There is evidence that there was a church building in Odell village from as early as 1220, when Robert of Dunton is recorded as minister. A coffin lid also survives from this century. The present All Saints, however, dates from the 15th century. Built of limestone from Northamptonshire, it is a little atypical of Bedfordshire churches. In the late 17th century the building was greatly improved and in 1820 a clock was put in the tower. Further improvements were made in 1868, and in 1958 a sixth bell was added to the ring.

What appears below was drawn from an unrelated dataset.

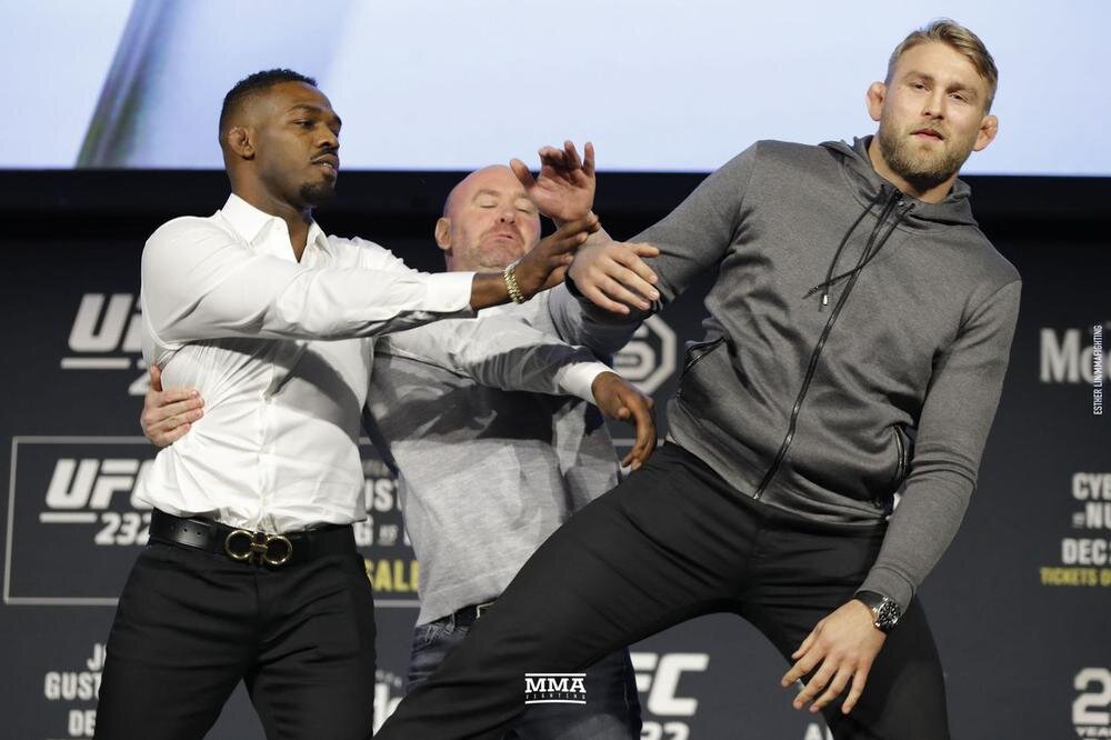 Возвращение величайшего бойца всех времен бывшего чемпиона UFC в полутяжелом весе Джона Джонса само по себе ожидающее событие. А после пресс конференции вражда Джона и его соперника Александра Густафссона еще больше накалилась. Во время стердауна Джонс стал перед шведом, показывая свою важность над соперником, а когда то же самое провернул "Викинг", Джон оттолкнул его в сторону. Дана Уайт вовремя стал между бойцами и не дал продлить потасовку, так что все закончилось лучше, чем могло бы. Напомним, 29 декабря между бойцами пройдет их второй бой, впервые они встретились в 2013 году и тогда Джонс защитил свой пояс, выиграв единогласным решением судей.

One of the more famous ministers at All Saints was Peter Bulkeley. Born in Odell in 1582, he became its rector in 1624, but since he did not "conform" to the requirements of the establishment, was suspended. In May 1635, like many other Nonconformists of the time, he emigrated to New England on the Susan and Ellen. On arrival he moved on to found the town of Concord, Massachusetts, becoming its first minister.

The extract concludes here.